Overview
All the inventions and infrastructure that characterize our modern life and enable the functioning and development of our civilization hang in balance. We rarely think about how vulnerable we are to the hostility of the universe, but we must be on the lookout for events that could trigger global chaos. That’s why a group of doctoral students from the University of Queensland in Australia has analyzed ancient tree samples showing high radiation exposure, seeking to understand the causes of these periods to better prepare our modern civilization for the next one.
The science and other stuff to know
The team of experts led by Dr. Benjamin Pope analyzed ancient tree samples to measure the amount of carbon-14, an element characteristic of radiation bursts, according to the study published in the journal Proceedings of the Royal Society A. This compound adheres to plants, rocks, and other materials, allowing tree rings to tell atmospheric history by reading the marks left by past events between their fibers. The researchers discovered a record of a Miyake Event, which occurs approximately once every millennium and whose origin is unknown.

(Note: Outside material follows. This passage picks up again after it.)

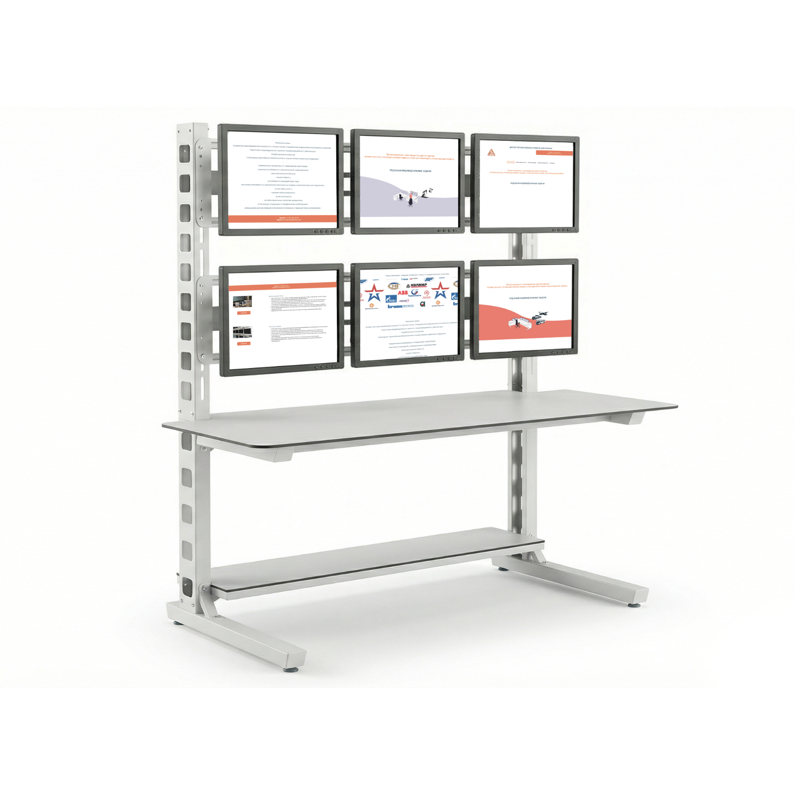 Современные диспетчерские центры, пункты управления и посты видеонаблюдения требуют профессионального подхода к организации рабочего пространства. Особое значение имеет размещение мониторов — от этого зависит эргономика, эффективность работы и безопасность оператора. Представляем универсальную стойку для мониторов ArmTechno с наклонно-поворотными кронштейнами, столешницей и полкой для оборудования, которая сочетает в себе максимальную функциональность, надежность и адаптивность под различные задачи.

Miyake-type events are huge bursts of cosmic radiation, but experts still disagree on the radiation sources that produce them. It has been proposed that the previously recorded events of this type (so far, there are six) were due to supernovae outbursts, neutron star collisions, or some other high-energy astrophysical phenomenon. But still, there is no evidence to support these proposals. The main hypothesis that attempts to make sense of these events is that of solar storms.

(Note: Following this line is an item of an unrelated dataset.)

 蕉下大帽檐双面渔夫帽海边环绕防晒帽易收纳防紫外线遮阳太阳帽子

The sun has an 11-year cycle where the incandescent plasma layers of its outermost layers move and mix. Magnetic dynamics cause surface loops of coronal mass to be generated that grow considerably and, when cut, end up ejecting huge amounts of matter and radiation. This phenomenon is known as a solar storm, and in 1859 one of them, the Carrington storm, caused chaos and unleashed the largest collapse of communications infrastructure recorded to date.
Pope and his colleagues say that there is little chance that all these Miyake bursts are related to solar activity since the concentration of carbon-14 showed that the radioactive phenomenon was persistent for considerably longer than solar storms.
So what?
The urgency of researchers to find the phenomenon that is producing these intense bursts of cosmic radiation has to do with the fact that an event of this type has an unimaginable destructive potential for our modern civilization. Storm Carrington destroyed the precarious telegraphy system that existed in Victorian times and could destroy all telecommunications networks today. But we are well aware of events of this type since we quite understand the solar phenomena that can cause a Carrington-type event, so solar physicists can predict storms and coronal ejections well in advance to keep us safe.

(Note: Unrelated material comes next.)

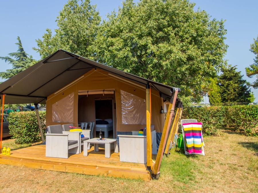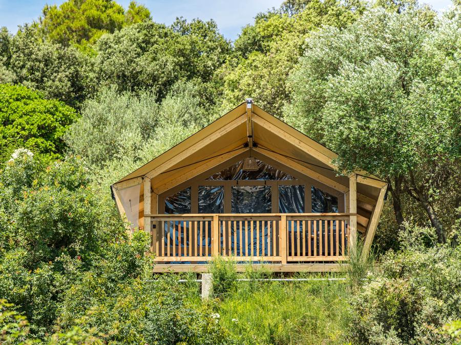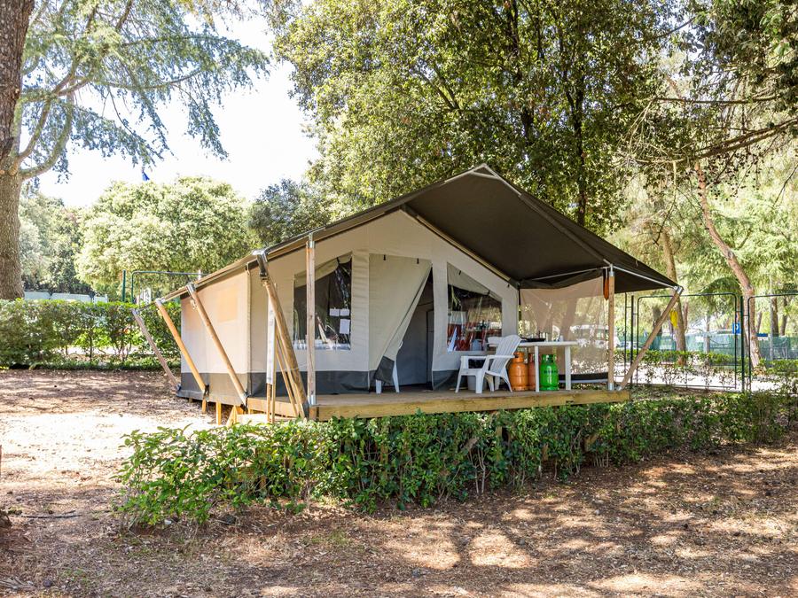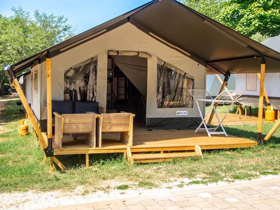 Tente en toile et en bois 5 personnes - Porto Sole - Tente Safari Bella Vista + air conditionné (5P)

Miyake-type events can be a hundred times more radioactive than solar storms, and as of today, we have no mechanism to predict them. One could come at any moment and whip us mercilessly.
What’s next?
“Based on available data, there is about a one percent chance of seeing another one in the next decade. But we don’t know how to predict it or what damage it can cause. These odds are quite alarming and lay the groundwork for future research,” Pope said in an official statement from the University of Queensland.
Andrew Smith is a physicist who was not involved in the study but is working on looking for signs of radiation in blocks of ancient ice. He told ABC that although he is not surprised by the poor correlation between solar storms and the Miyake events, it cannot be ruled out that this is the main cause of it.